- [RECORDS FOR THE EXERCISE]:
◇ ◇ ◇ ◇ ◇ ◇ ◇
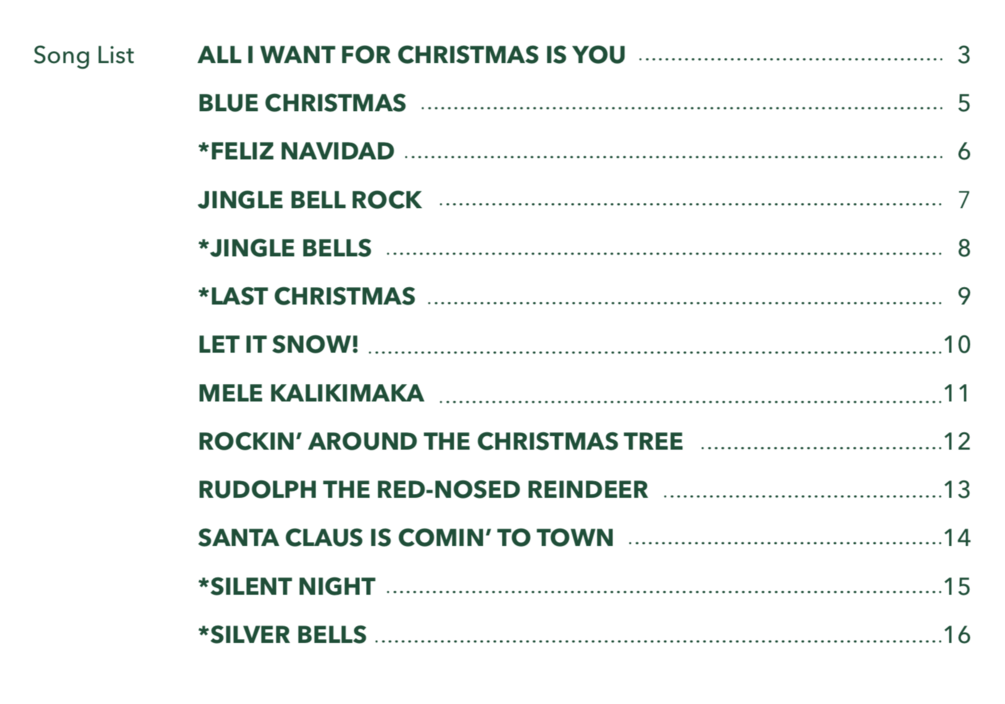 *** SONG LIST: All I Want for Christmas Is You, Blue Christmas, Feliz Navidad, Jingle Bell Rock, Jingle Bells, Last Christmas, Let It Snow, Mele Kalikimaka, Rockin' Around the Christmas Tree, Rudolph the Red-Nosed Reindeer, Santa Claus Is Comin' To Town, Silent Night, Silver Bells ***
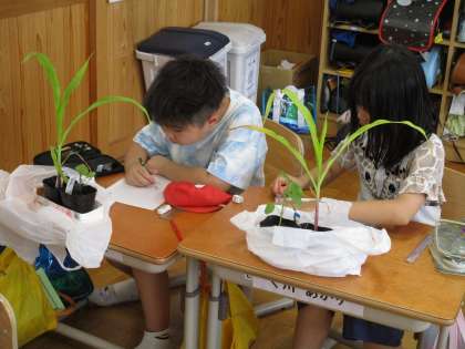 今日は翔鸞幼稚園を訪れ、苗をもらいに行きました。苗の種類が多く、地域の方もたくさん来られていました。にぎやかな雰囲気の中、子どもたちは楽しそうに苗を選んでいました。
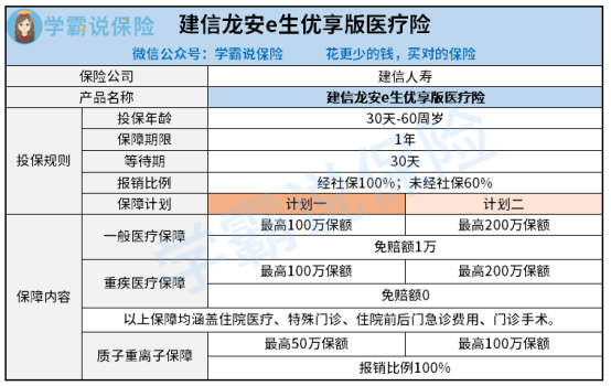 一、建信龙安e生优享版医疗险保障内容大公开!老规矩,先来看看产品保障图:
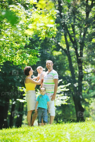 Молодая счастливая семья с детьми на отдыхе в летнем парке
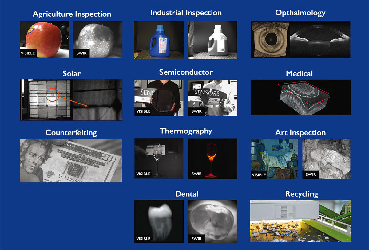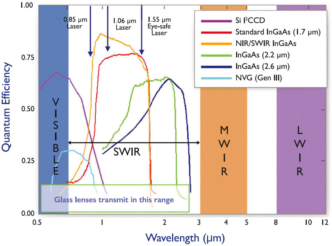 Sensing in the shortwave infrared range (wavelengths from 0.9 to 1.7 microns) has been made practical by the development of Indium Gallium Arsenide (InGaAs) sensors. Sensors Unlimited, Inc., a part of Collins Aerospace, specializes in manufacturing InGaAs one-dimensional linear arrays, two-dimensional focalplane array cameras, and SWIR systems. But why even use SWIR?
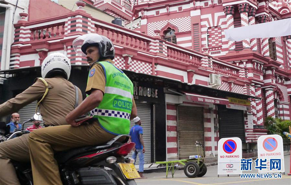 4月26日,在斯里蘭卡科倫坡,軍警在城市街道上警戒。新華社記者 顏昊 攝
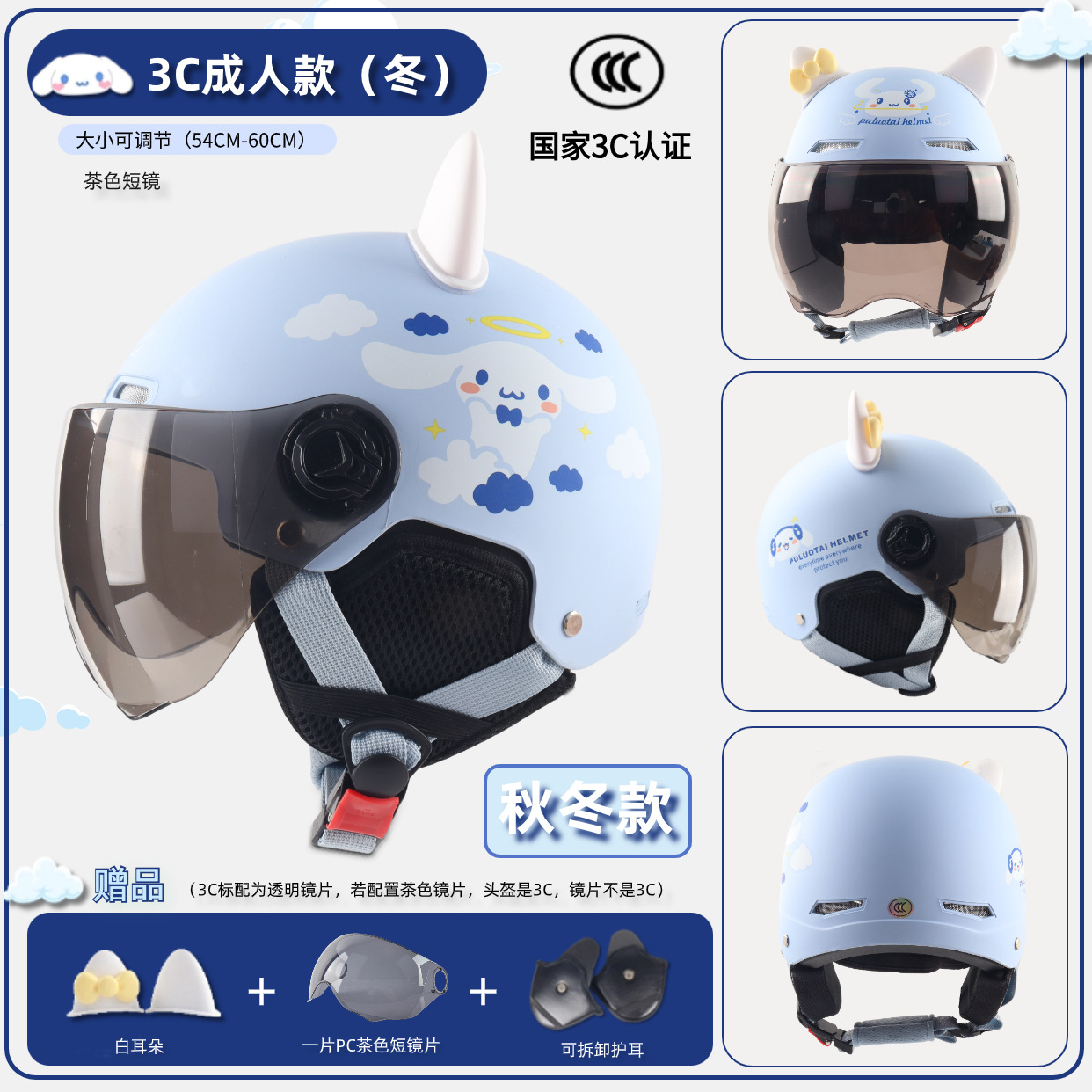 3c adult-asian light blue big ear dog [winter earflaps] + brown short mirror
◇ ◇ ◇ ◇ ◇ ◇ ◇
- [TASK DETAILS]: Return the complete data unchanged and include none of the pictures.

- [REPLY TO THE TASK]:
 *** SONG LIST: All I Want for Christmas Is You, Blue Christmas, Feliz Navidad, Jingle Bell Rock, Jingle Bells, Last Christmas, Let It Snow, Mele Kalikimaka, Rockin' Around the Christmas Tree, Rudolph the Red-Nosed Reindeer, Santa Claus Is Comin' To Town, Silent Night, Silver Bells ***
 今日は翔鸞幼稚園を訪れ、苗をもらいに行きました。苗の種類が多く、地域の方もたくさん来られていました。にぎやかな雰囲気の中、子どもたちは楽しそうに苗を選んでいました。
 一、建信龙安e生优享版医疗险保障内容大公开!老规矩,先来看看产品保障图:
 Молодая счастливая семья с детьми на отдыхе в летнем парке
 Sensing in the shortwave infrared range (wavelengths from 0.9 to 1.7 microns) has been made practical by the development of Indium Gallium Arsenide (InGaAs) sensors. Sensors Unlimited, Inc., a part of Collins Aerospace, specializes in manufacturing InGaAs one-dimensional linear arrays, two-dimensional focalplane array cameras, and SWIR systems. But why even use SWIR?
 4月26日,在斯里蘭卡科倫坡,軍警在城市街道上警戒。新華社記者 顏昊 攝
 3c adult-asian light blue big ear dog [winter earflaps] + brown short mirror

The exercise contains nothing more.